Traffic-calming efforts proving effective
By Chad Ingram
Published Aug. 16, 2018
A digital radar sign Haliburton County’s roads department set up along CountyRoad 21 in Haliburton Village earlier this summer has shown positive results in urging drivers to slow down.
The county purchased the interactive speed display board after a recommendation in the traffic corridor study that was performed along County Road 21 by engineering firm AECOM last year.
It late June, the board was set up to capture data for eastbound drivers. Before the display was turned on, the radar data showed that eight per cent of drivers were travelling at or less than the 50 km/hr speed limit; 30 per cent were travelling between 51 and 60 km/hr; 40 per cent at 61 to 70 km/hr; and 22 per cent at 71 km/hr or faster.

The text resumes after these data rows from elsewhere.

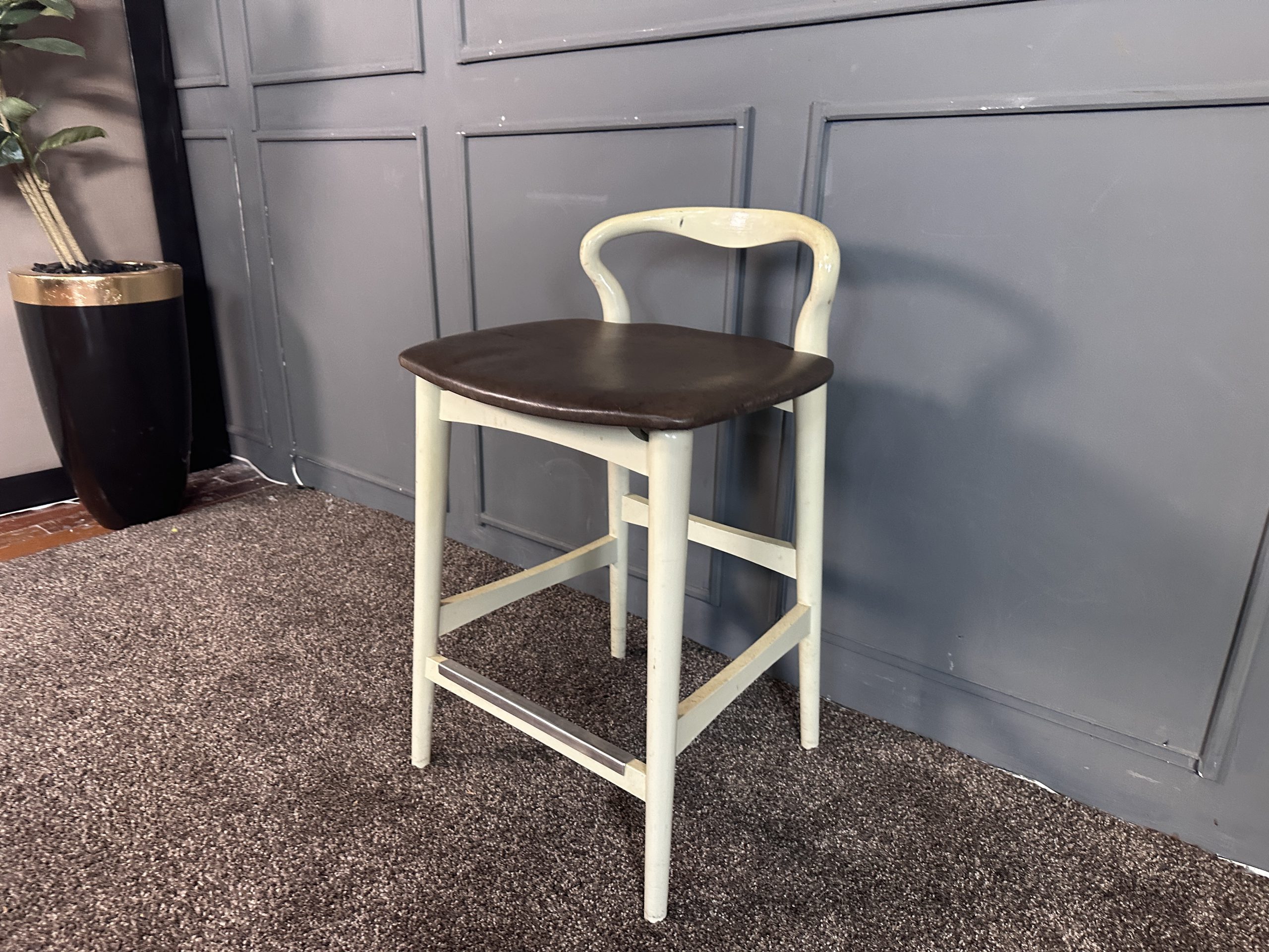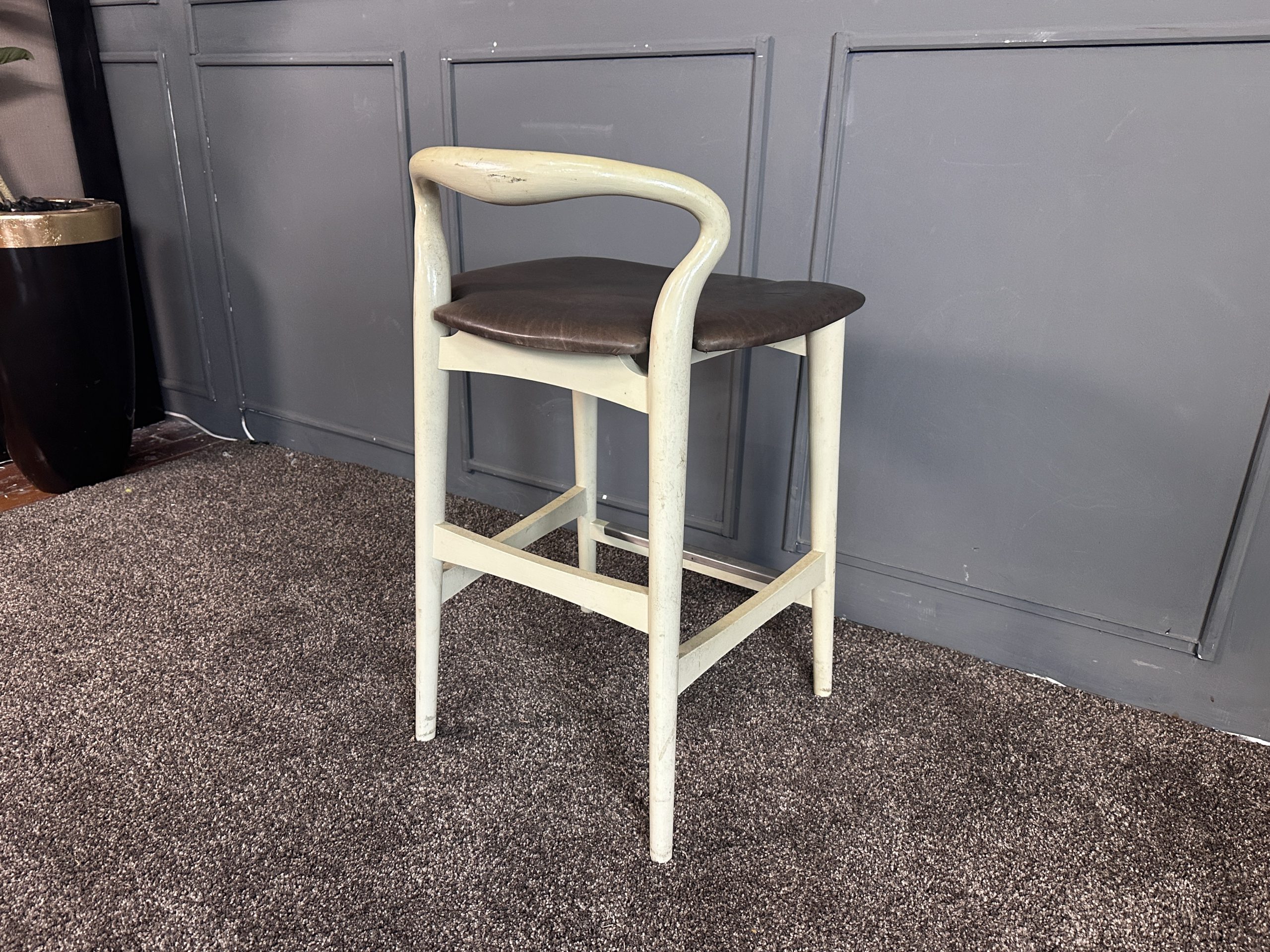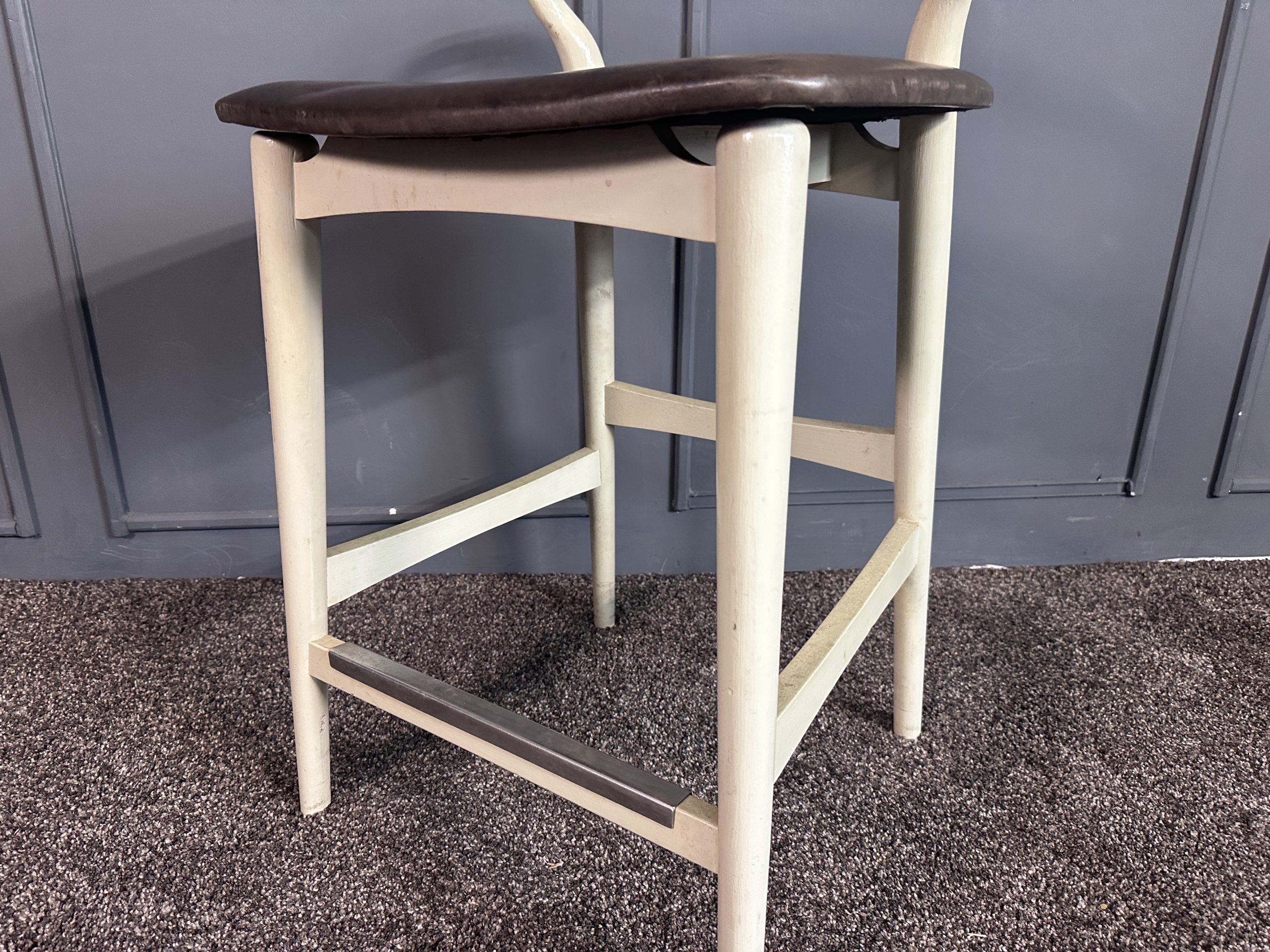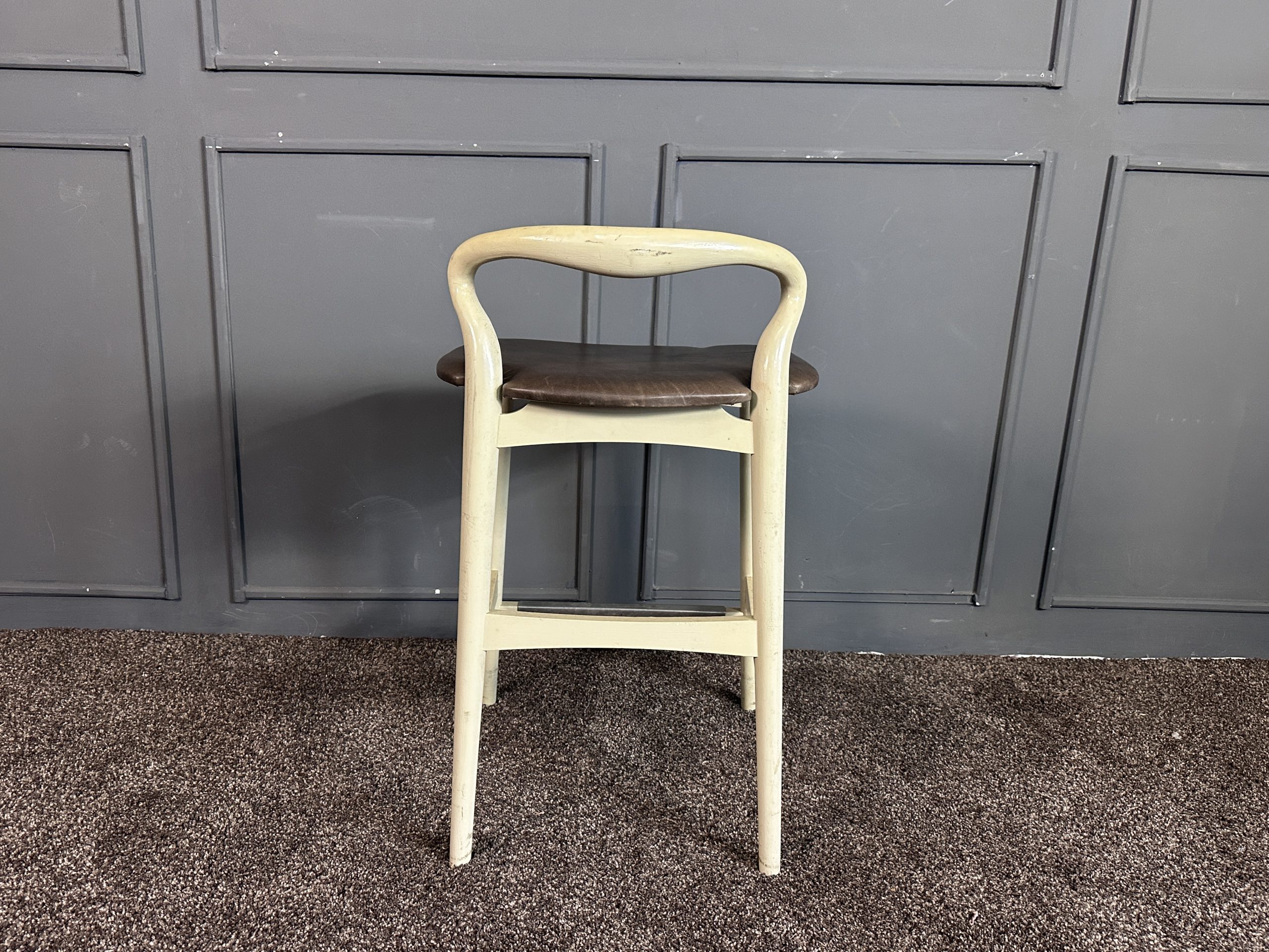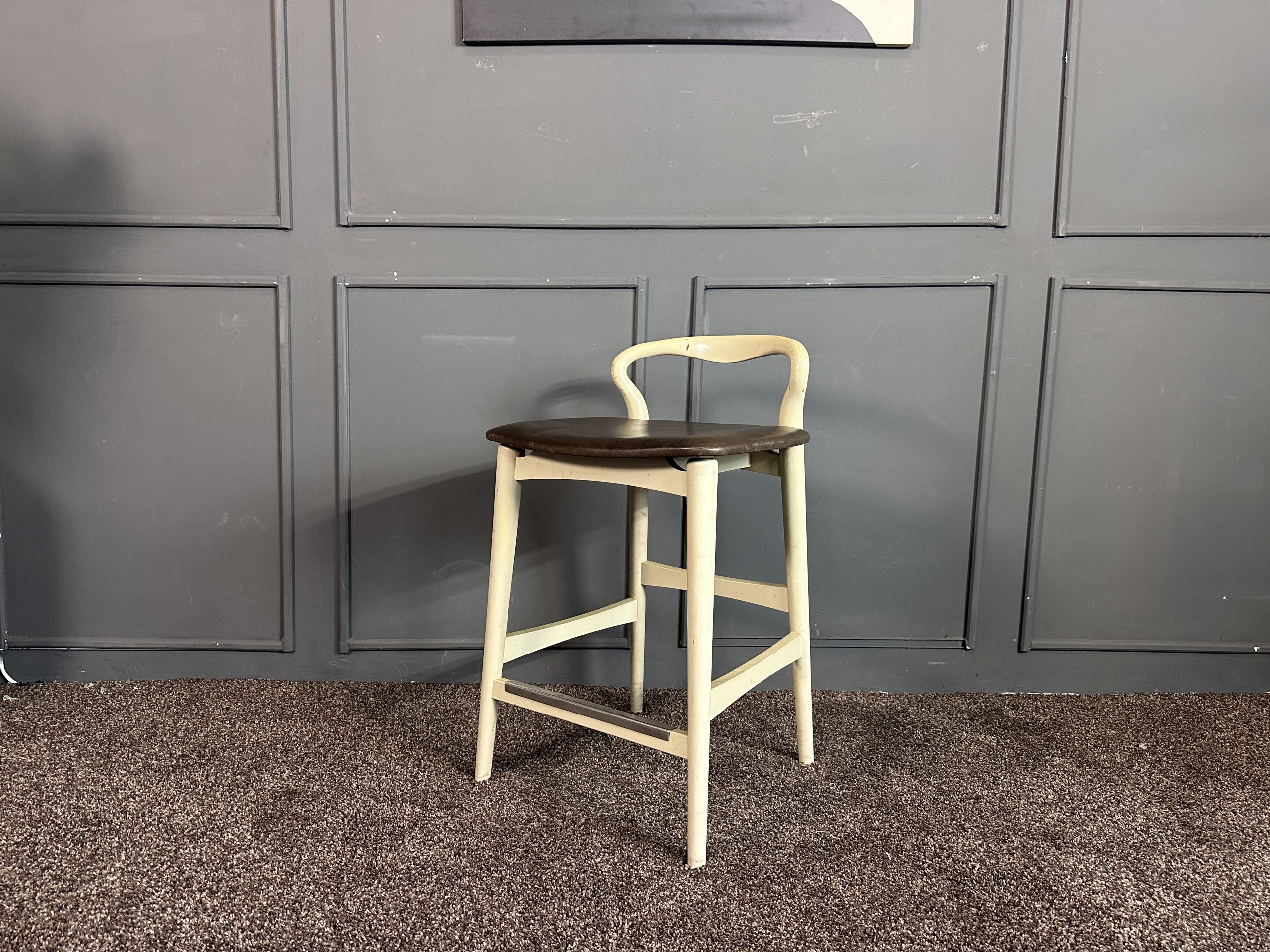 เก้าอี้มินิบาร์ เบาะหนังแท้สีน้ำตาลเข้ม โครงขาไม้สีขาว แบรนด์ Stanley Furniture
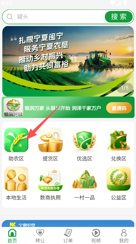1、进入首页,点击助农区板块查看展示的农产内容。
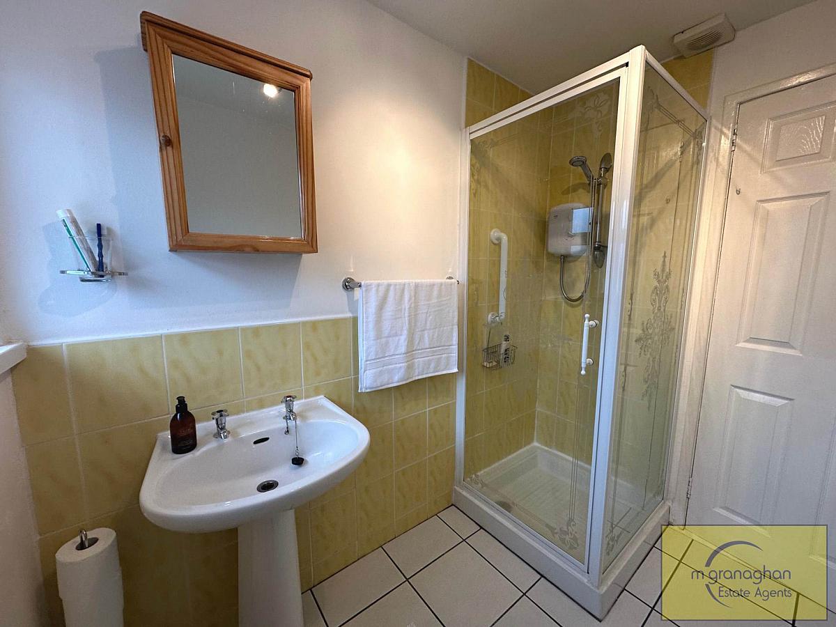 White suite comprising of shower cubicle, low flush WC, pedestal wash hand basin, ceramic tiled flooring, part tiled walls
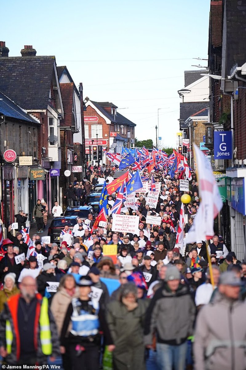2일(현지시간) 영국 데일리메일에 따르면 지난 30일 영국 남동부 크로버러에 위치한 군 훈련 캠프 앞에는 4000명 이상의 주민들이 행진 시위를 벌였다. 이 캠프는 영국 내무부가 난민 남성 600명을 수용하기 위해 임시 이민자 시설로 지정한 곳이다.
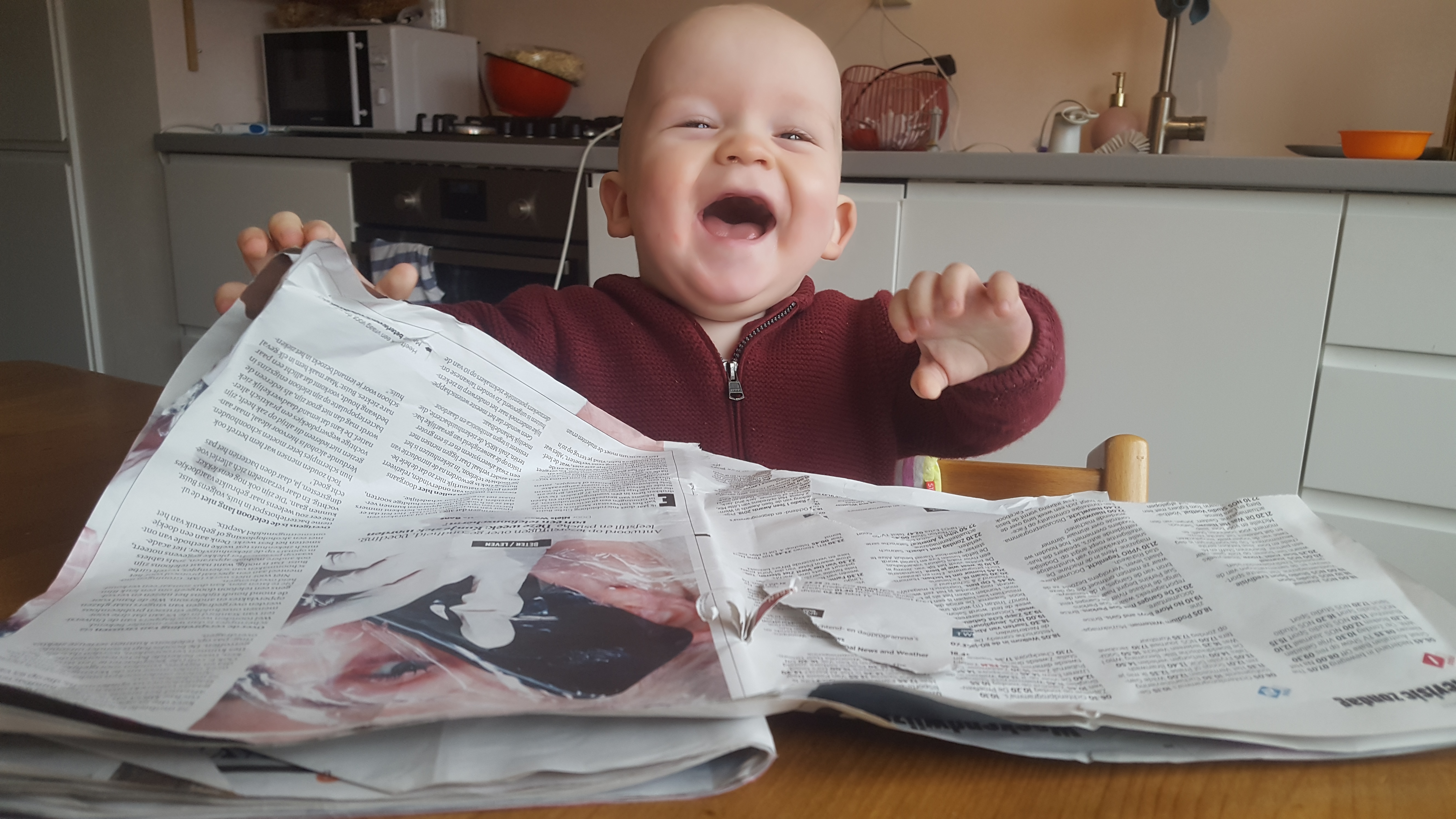 Groeien bedoel ik ook in karakter en persoonlijkheid: als een rupsje dat ons al af en toe een kleur toont van de vlinder die hij ooit zal worden; als een flash forward naar de mens die in je zit verscholen. Zo vertelde de crècheleidster ons vorige week dat er een klein meisje van een ander klasje werkelijk de hele dag continu huilt. Wanneer alle kinderen buiten spelen, is er telkens één enkel mensje dat naast het huilertje gaat zitten om haar met zachte verbazing aan te kijken: meneerke Stoop. In mijn reactie kom ik bij dergelijk zoets vaak niet verder dan: ‘Ooooh, mijn hart, mijn hart!’ Ons ouderschap en jouw ontwikkeling lijken de laatste tijd haasje over te doen. Telkens als jij een sprongetje maakt, trachten wij een aanloop te nemen om weer net wat verder over je heen te springen. Jouw sprongetjes wekken bij ons vaak gefronste wenkbrauwen en verbaasde geluiden op die men eerder zou verwachten bij onopgeloste mathematische paradoxen. Huuuuuhhh?? Je zit immers in een fase waar je al veel begrijpt, maar je je nog niet verbaal kunt uitdrukken. We proberen dan jouw tekens, gebaren en je русскийl te ontcijferen om je weer bij te benen en je hopelijk een stapje voor te zijn. Aan de gangdeur gaan staan en naar boven wijzen, betekent natuurlijk ‘ik wil gaan slapen’. (niet zo heel veel verschil met een hondje dat aan de voordeur draait en kwispelt om te gaan wandelen.) Vager en enigmatischer wordt het telkens tijdens het avondeten: de ene keer pik je met microscopische precisie enkel de champignons van je bord en laat je de 50 tinten groen links liggen, de volgende keer zie je een champignon en kogelstoot je die richting keukenvloer. Dan moeten ik en je mama weer haasje over doen met je nieuwste rariteit en detecteren hoe we dit kunnen interpreteren en oplossen. Wat na empirisch onderzoek telkenmale werkt, is gedroogde uitjes of parmezan over je eten strooien. Dan ga je terug met volle goesting aan de slag. ‘Maar dat is toch ongezond!?’ hoor ik de dieetpolitie al digitaal roepen. De eerste maal krijg je effectief een beetje om je smulmotor terug in gang te zetten, de tweede en derde keer doen we alsof. Dus als iemand ons ooit door het keukenraam met z’n drietjes ziet zitten en niet begrijpt waarom we uitjes strooien met het deksel op de pot, weet dan: opvoeden is psychologische oorlogvoering.

Once the radar sign was set in display mode – with drivers able to see the speed at which they were travelling – driving habits changed significantly.
“Then we turned it on and, you can see, that the percentage of slow drivers increased,” roads director Craig Douglas told councillors on the county’s roads committee during an Aug. 8 meeting.
The percentage of drivers travelling at 50 km/h or slower increased to 31 per cent; 34 per cent of drivers were travelling between 51 and 60 km/hr; 24 per cent between 61 and 70 km/h; and 11 per cent at 71 km/hr or faster.
“This is consistent with results in other jurisdictions,” said Minden Hills Mayor Brent Devolin. “It changes behaviour.”
“Currently, we’re trying to move it around,” Douglas said, explaining the radar was set up in Eagle Lake. The plan is to continue to move the radar sign to various parts of the county, particularly in areas where the speed limit drops from 80 to 50 km/hr.